The 3 Dimensions of Disruption
Emerging Technologies, Business Model Enablers, and Exponential Adoption Curves
As excitement (and panic) about the opportunities and threats of emerging technologies spreads into boardrooms across the world, it is worth considering that it is not just the technologies themselves which are disruptive. Indeed the bursting of the tech bubble in 2000 taught us that the technologies themselves are vulnerable to issues of scaling and adoption.
Furthermore, of the key emerging technologies we have identified: 3D Printing, Advanced Robotics, Artificial Intelligence, Internet of Things and Virtual Reality, some of them have been around in some shape or form for some time. What is different now to 2000, and means the impact of technology is truly disruptive on a large and wide scale, is that we now have the business model enablers to drive the technology through a business.
These business model enablers mean we now have access to the funding, platforms, processing power, software, and data to turn the technology into useful, scalable solutions.
These enablers include:
Crowdfunding – The early availability of capital from crowdfunding sites such as Kickstarter and Indigogo offers startups the ability to fund project to the point of Minimum Viable Product
Cloud Computing – Access to flexible cloud services such as Amazon Web Services negating the need for large servers to get a business of the ground
Low Cost Computing – Moore’s Law has seen the cost of computing decrease hugely whilst the processing power has increased
API Economy – Application Programming Interfaces allow disparate computer systems to communicate with each other.

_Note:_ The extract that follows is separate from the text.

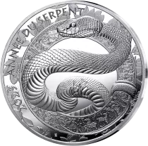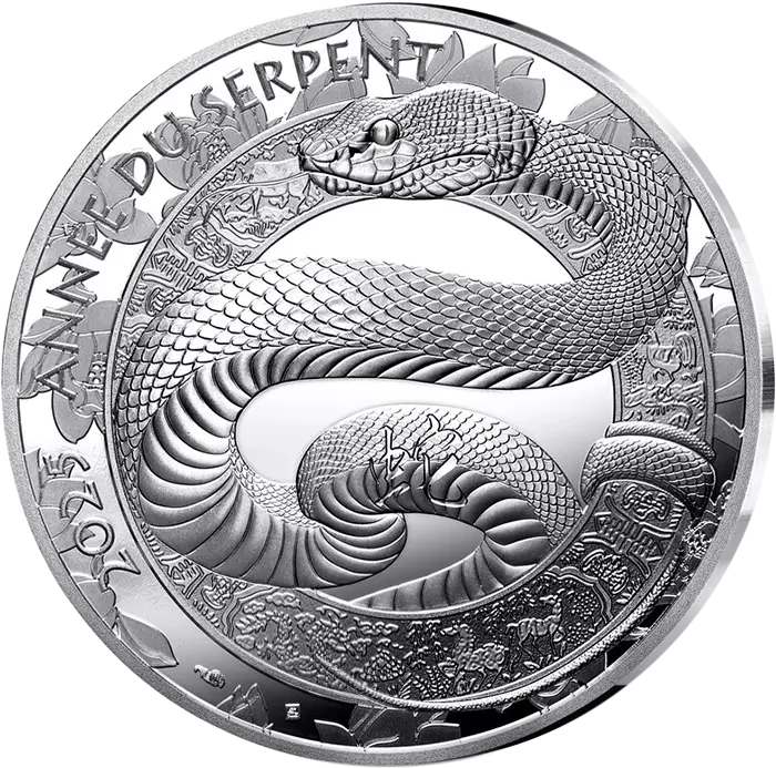 En plein centre de la face de la monnaie, un serpent ondule autour d?un anneau gravé de motifs traditionnels chinois. Le reptile est en mouvement, partiellement enroulé autour de l?anneau et comme prêt à s?échapper des bordures de la monnaie ornées d?orchidées, fleur associée à ce signe. L?impression de calme qui se dégage de la représentation du serpent renvoi directement à ce qui est une des principales caractéristiques des natifs de ce signe. L?idéogramme « Serpent » apparait sur une des courbes du corps de celui-ci. Le millésime 2025 ainsi que l?inscription « Année du Serpent » apparaissent sur les contours du dessin.

Open Source – Value has shifted from product to data encouraging software vendors to make software open source
Miniaturisation of sensors – Tiny sensors driving innovations in IoT
Freemium – Free business models allowing access to products and services for free – (e.g. Dropbox)
The combination of new technologies together with these new business model enablers is resulting in a significant change in the adoption rates and patterns of new tech enabled companies, products and services. This has become the key factor in the rapid disruption of existing and traditional industries and incumbent market leaders.
Previously, uptake of a new technology was limited by the speed at which target markets were prepared to accept new solutions, and by where target consumers sat behaviourally between “early adopters” and “laggards”
But now, it is no longer about slowly replacing one technology with another within an existing market, but being able to access the data and distribution models to scale a new service to new markets almost overnight.
A great example of this interplay can be seen in the launch of self driving trucks. The economics for autonomous trucks are compelling, but at £250,000 per new truck, the adoption rates are constricted by the economics of requiring purchasers with appropriate levels of free cash flow. Thus the adoption curve will be gentle and shallow.
Then with the arrival of a startup called Otto who have produced a $30,000 retro fit kits for existing trucks, the barrier to entry will be lowered as the technology becomes applicable to existing fleets. This will cause a steep adoption rate due to increased affordability.
And then with Uber (and their massive cash flow) buying Otto for $700m, one can anticipate the adoption curve can become even more steep. . . leading subsequently to a significant disruption in logistics.
It is becoming apparent that the critical driver of disruption is the speed at which consumers or business adopt a new product or service. The ‘perfect storm’ of emerging tech, new business models to distribute it quickly, and subsequent exponential adoption means that organisations must start to get more agile and able to respond and anticipate.